I have saved my best example for last. Liberals want to eliminate vending machines in schools that are loaded with sodas and other snacks that when overused lead to obesity. The stated reason is “the students are not capable of making good choices about these products.”

Yet, in almost the next breath, they spout “pregnant teenagers should be able to get an abortion on-demand and their parents do not have to be told, because it is their body and they should make those choices for themselves.”

I have to admit, this one rattles my brains the most. Liberals say on one hand that teenagers can’t make their own choices concerning certain foods because they aren’t able to make healthy choices, then on the other hand they are encouraged to kill the inconvenient result of teenage sex, and the same teenagers who are too stupid to avoid unhealthy amounts of snacks are mature enough to make this kind of life-altering decision without first consulting with the adults who are responsible for them.

And we are told by Liberals, as all of the other examples above, these are different.

Liberals who scream like petulant children because they don’t get their way on these hypocritical points won’t admit that those kind of issues above are interrelated and need to be treated in a similar fashion. The bad news (for Liberals) is they are not different. This is known as consistency, specifically ideological consistency. If you have two similar issues, you need to treat them in a similar way. "A term means what it means except in this case", "direct government control of industries to either increase or decrease spending", "government handouts as either vouchers (giving the recipients control of how and when it's used) or mandated (you will use these benefits in this way)", "teenagers either are or aren't capable of making choices that have life-long consequences." You can't have it both ways. Pick one side or the other, or become squirrel pate on the road of life.
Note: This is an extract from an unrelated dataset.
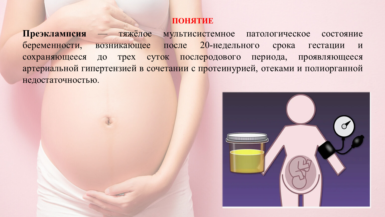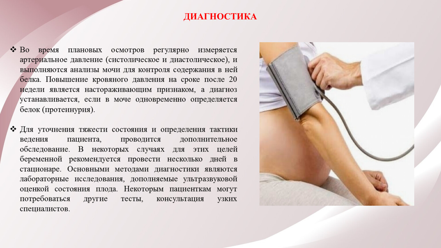 Во время плановых осмотров регулярно измеряется артериальное давление (систолическое и диастолическое), и выполняются анализы мочи для контроля содержания в ней белка. Повышение кровяного давления на сроке после 20 недели является настораживающим признаком, а диагноз устанавливается, если в моче одновременно определяется белок (протеинурия).

Right about now, I can hear the little cogs grinding in the heads of Liberals, and out pops the pre-programmed talking point:

Jefferson wrote in the Declaration of Independence, “We hold these truths to be self-evident, that all men are created equal…”, yet he owned slaves! Good Liberal. You’ve properly memorized your talking points. Have a cookie.

Here’s what Thomas Jefferson himself said about this seemingly hypocritical situation:

"This thing I believe, do I water it down to the level that I can live up to, or do I say the truth, even though I am falling horribly short of it myself?"

This is not different for this simple reason: Jefferson admitted that owning slaves was wrong, even while he continued to do it. I am moderately sure that Jefferson hoped that slavery would one day be abolished in the United States and laid the foundation of that in those thirteen words.

I know I am not knowledgeable enough to speak on the 18th century economic situation on running a plantation with free vs. slave labor as the work force. I am also not knowledgeable enough to speak on the social situation of the time that made this market possible. I don’t know if it would have been economically feasible for Jefferson to work his land without slave labor.

All Conservatives, Libertarians and Conservatatians want is a consistent approach to similar issues. Boil issues down to their salient points, then apply the same solution to all relevant issues.

Make the voucher system apply to schools, food allocations and even Medicare/Medicaid, or force those under those programs to accept what is issued them without choice or complaint. Either teenagers are able to make decisions about their life without parental oversight and input, or let the parents and teenagers work out between them what choices the teenager can make on their own and which they need to talk with the parents about first.

I don’t see these as hard choices. Too bad for all of us Liberals do see these as hard choices and want the government to choose for us.